You can also check out one of the videos Caren created for this residency on our free playlist of short form arts experiences for kids!


What did you do that was different from your usual classroom residency?

Every spring the Glencoe Elementary 5th graders do a historical research and writing unit, and in my residency I teach the students drama skills and prepare them for a performance of their historical character monologues in a “Living Museum.”

Since I could not be physically in the classroom this time, I worked with the teachers to modify the residency toward the goal of a virtual performance.

I created a series of videos with narrative and acting segments based off of what I do in the classroom, and included student practice exercises for them to explore with their monologues. I also met with the students virtually.


What were the biggest challenges and how did you approach them? What went well?

I couldn’t coach the students in person, but in the virtual classroom each student shared and acted out their historical characters for me. It was exciting for them to portray what they were discovering about their historical characters, and we came up with some acting choices together on the spot in the virtual classroom just as we would in person.

In addition to coaching myself acting in a historical monologue in the videos, I included examples for practice in voice and body techniques so the students could refine and prepare after the video sessions. While this was different from what I normally do in the classroom, the students were enthusiastic about the videos when we met online, and the teachers were able to utilize the videos during their time with the students as well.

One thing I thought helped make the videos successful was that I wrote out a script for each one, which helped me edit the lessons down so the videos featured less talking and more “doing.”


What elements of the residency experience do you think were lost due to being unable to share physical space?

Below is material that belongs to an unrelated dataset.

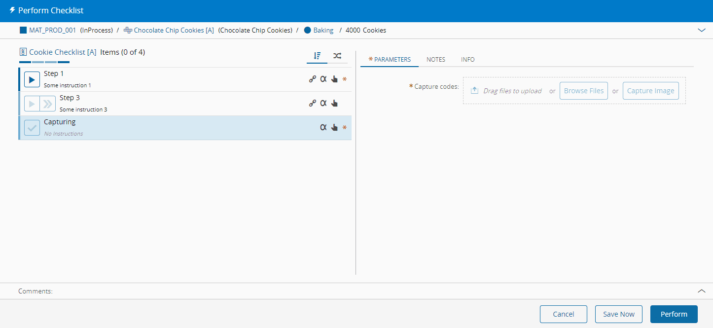For Checklists performed in Immediate mode, the perform can be concluded by completing all items and selecting Perform Immediate. For Checklists performed in Long Running mode, the state of the Checklist will be committed to the database after each Checklist Item is completed, or after you choose Save and Close. When all Checklist Items are completed for a Checklist performed in Long Running mode, you can only select Close.

What elements do you think were improved due to the virtual space?

Online, I had more limited time with the students than in an in-class experience, and of course I missed being present with them in person, but it was still fun getting to connect virtually and offer coaching suggestions for their character development and performance ideas.

One of the positive sides of the virtual meetings was that when it came to sharing their monologues with me, some students seemed less pressured, stage-fright-wise, and more comfortable in their own domain.

LIVE THEATRE is magical and nothing replaces the energy and magic of a live theatre experience, but filming their characters for a virtual show gave the students another kind of arts experience entirely, and that is also exciting.


Is there anything else you would say to educators and other teaching artists considering conducting their own virtual residencies?

Using video, imagery, captions and sound effects can be very helpful for engaging students. Making it almost like a video game could be awesome, and is something I am thinking of collaborating with my son to do in the future!

Bringing generational teaching experiences together with the creative and technical savvy of youth—what a fantastic combination for forward-thinking teaching practice!